Former ambassador to Washington Danny Ayalon, who went on to serve as a Knesset member and deputy foreign minister in Avigdor Lieberman’s Yisrael Beiteinu party, told Channel 2 News that “something very bad is undoubtedly going on in the link between Jerusalem and Washington.” He said that while the friction is mainly between personalities, it can “trickle downward” into more substantive areas and cause longer-lasting damage.

Former New York consul general Alon Pinkas, a Labor appointee who’s considered close to former prime minister Ehud Barak, told Channel 2 that while Washington’s barbs are directed at Yaalon, “the target in the end is Netanyahu,” who he said has lost all credibility in the administration.

Former Washington ambassador Michael Oren, a Likud appointee, downplayed the seriousness of the crisis, saying the strategic relationship between the two allies went far deeper than personal relationship and had survived worse bumps in the past.

Oren seemed to put much of the blame for the current tension on the Obama administration. He told Channel 2 News that “the main point is that we are dealing with a highly ideological administration with a worldview that’s different from what we’ve known in the past. We need to recognize this and act accordingly.” Both Oren and Ayalon said Yaalon needs to apologize to Kerry and the administration to prevent further deterioration.

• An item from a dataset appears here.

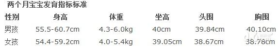 宝宝都二个月了,妈妈们是不是很想知道二个月大的宝宝应该长多高,体重是多少才算正常呢?只要你看完二个月宝宝发育指标就会一清二楚了。两个月的宝宝日常生活开始规律化,也形成了固定的吃奶时间。手指视觉听觉下肢小动作大动作认知语言独立性社交情感运动 手指能自己展开合拢,能在胸前玩,会吸吮拇指。 此时,孩子仍然不能看清楚30厘米以外的物体,但关注30厘米以内的物体。 他喜欢人类的声音,他最喜欢母亲的声音,在第2个月期间,你会听到孩子重复某些元音。

In fact, the administration policies that have led to tensions in relations — opposing Israel’s West Bank settlements, pressing for an Israeli-Palestinian peace agreement — have been largely unchanged for decades. What’s different from the past is an Israeli government in which two of the three top leaders, the defense and foreign ministers, state openly, explicitly and repeatedly that they’re against a peace agreement with the Palestinian leadership, casting a shadow over the intentions of the prime minister who states that he’s in favor of a peace agreement but surrounds himself with senior aides who oppose it.

Different, too, is the repeated tendency of the current Israeli government, unlike past governments, to irritate Washington and strain the relationship by announcing settlement projects likely to embarrass the administration at sensitive moments. Case in point: the new construction plans reported Sunday night, with tempers still frayed over the blowup with Yaalon.